For the analysis of DNA methylation, we extracted the average CpG methylation in 500-bp windows centered on the motif-based regions described above. We then generated a random permutation-based background exactly as described for the Hi-C and plotted the minimum DNA methylation and standard deviation for the three cell types as a scatterplot. Statistical significance was calculated as described above.

As a complementary analysis, we calculated the average Hi-C score and enhancer DNA methylation for positively correlated EGPs and presented the data as scaled median Hi-C score per TF motif.

External datasets

The following external datasets were used: Sox2 ChIP–seq (GSE35496)73, Pax6 ChIP–seq (GSE66961)74, Neurog2 ChIP–seq (GSE63621)75, Eomes ChIP–seq (GSE63621)75, Neurod2 ChIP–seq (GSE67539)76 and Tbr1 ChIP–seq (GSE71384)77. The ChIP–seq datasets were uniformly processed using the ENCODE ChIP–seq pipeline (https://github.com/ENCODE-DCC/chip-seq-pipeline2/).

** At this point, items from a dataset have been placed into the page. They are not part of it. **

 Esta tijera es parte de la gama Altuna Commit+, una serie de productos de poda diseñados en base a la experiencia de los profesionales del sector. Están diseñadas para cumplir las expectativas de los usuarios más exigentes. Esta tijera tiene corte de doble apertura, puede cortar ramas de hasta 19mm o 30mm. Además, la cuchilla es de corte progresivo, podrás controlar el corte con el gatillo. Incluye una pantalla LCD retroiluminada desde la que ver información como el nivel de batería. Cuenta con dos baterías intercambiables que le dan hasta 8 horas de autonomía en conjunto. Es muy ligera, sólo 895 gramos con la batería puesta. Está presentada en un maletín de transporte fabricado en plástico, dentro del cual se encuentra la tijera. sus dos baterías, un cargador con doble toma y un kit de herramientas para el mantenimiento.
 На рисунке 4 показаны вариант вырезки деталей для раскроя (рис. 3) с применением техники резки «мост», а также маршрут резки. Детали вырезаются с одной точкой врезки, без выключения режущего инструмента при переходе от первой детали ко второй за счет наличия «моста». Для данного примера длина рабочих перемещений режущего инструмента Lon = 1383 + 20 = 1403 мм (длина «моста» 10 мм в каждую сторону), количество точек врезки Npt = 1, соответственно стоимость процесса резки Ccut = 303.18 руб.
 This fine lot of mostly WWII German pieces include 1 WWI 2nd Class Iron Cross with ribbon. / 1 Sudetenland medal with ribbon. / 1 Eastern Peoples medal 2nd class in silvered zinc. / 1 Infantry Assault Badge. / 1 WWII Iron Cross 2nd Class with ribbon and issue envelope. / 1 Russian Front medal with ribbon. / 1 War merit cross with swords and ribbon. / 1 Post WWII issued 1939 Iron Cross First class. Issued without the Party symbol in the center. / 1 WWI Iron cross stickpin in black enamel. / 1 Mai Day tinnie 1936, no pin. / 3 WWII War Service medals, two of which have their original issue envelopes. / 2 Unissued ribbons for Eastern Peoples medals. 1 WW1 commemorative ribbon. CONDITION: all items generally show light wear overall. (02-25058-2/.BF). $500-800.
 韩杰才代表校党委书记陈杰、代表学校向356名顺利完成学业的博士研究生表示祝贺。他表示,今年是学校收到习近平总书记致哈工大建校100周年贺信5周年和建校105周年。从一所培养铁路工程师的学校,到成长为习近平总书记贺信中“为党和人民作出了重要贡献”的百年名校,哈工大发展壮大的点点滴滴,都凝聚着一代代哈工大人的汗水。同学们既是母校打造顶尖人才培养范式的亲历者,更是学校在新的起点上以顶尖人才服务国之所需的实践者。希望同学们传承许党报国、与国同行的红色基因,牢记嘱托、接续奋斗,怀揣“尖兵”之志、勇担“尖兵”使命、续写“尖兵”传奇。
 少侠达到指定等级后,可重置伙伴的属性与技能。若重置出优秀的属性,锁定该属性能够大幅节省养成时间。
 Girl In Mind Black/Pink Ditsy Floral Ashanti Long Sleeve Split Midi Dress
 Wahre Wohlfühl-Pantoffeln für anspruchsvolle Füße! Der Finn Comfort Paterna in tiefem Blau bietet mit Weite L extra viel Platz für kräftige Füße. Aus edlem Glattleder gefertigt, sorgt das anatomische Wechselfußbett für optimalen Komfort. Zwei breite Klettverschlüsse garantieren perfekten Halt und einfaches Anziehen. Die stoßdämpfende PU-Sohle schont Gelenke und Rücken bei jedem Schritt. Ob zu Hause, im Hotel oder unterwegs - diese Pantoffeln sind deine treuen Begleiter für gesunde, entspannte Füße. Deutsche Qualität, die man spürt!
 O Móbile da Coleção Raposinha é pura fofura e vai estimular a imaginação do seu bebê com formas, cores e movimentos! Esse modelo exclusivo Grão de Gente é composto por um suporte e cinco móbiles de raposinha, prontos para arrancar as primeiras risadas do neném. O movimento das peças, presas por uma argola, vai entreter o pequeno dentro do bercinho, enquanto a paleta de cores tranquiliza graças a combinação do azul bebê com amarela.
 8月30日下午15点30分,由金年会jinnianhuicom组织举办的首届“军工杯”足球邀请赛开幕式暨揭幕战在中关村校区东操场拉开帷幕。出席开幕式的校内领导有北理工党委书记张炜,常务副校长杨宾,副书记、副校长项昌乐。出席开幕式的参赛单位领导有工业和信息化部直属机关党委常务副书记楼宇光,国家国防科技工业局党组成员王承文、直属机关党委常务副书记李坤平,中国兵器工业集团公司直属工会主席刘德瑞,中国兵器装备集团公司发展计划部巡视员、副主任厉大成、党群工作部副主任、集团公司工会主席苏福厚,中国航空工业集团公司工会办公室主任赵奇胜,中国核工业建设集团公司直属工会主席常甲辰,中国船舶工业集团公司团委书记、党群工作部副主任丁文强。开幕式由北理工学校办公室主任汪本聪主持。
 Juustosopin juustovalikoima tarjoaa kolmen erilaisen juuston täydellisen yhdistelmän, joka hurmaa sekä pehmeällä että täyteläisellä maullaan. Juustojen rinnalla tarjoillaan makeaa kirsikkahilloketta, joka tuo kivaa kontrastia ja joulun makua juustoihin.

Publicly available 10× multiome data from the E18 mouse brain were obtained from https://support.10xgenomics.com/single-cell-multiome-atac-gex/datasets/2.0.0/e18_mouse_brain_fresh_5k/ and reanalyzed as described above.

Sample sizes

No statistical methods were used to predetermine sample sizes but our sample sizes are similar to those reported in previous publications3,4,8,15,34.

Reporting Summary

Further information on research design is available in the Nature Research Reporting Summary linked to this article.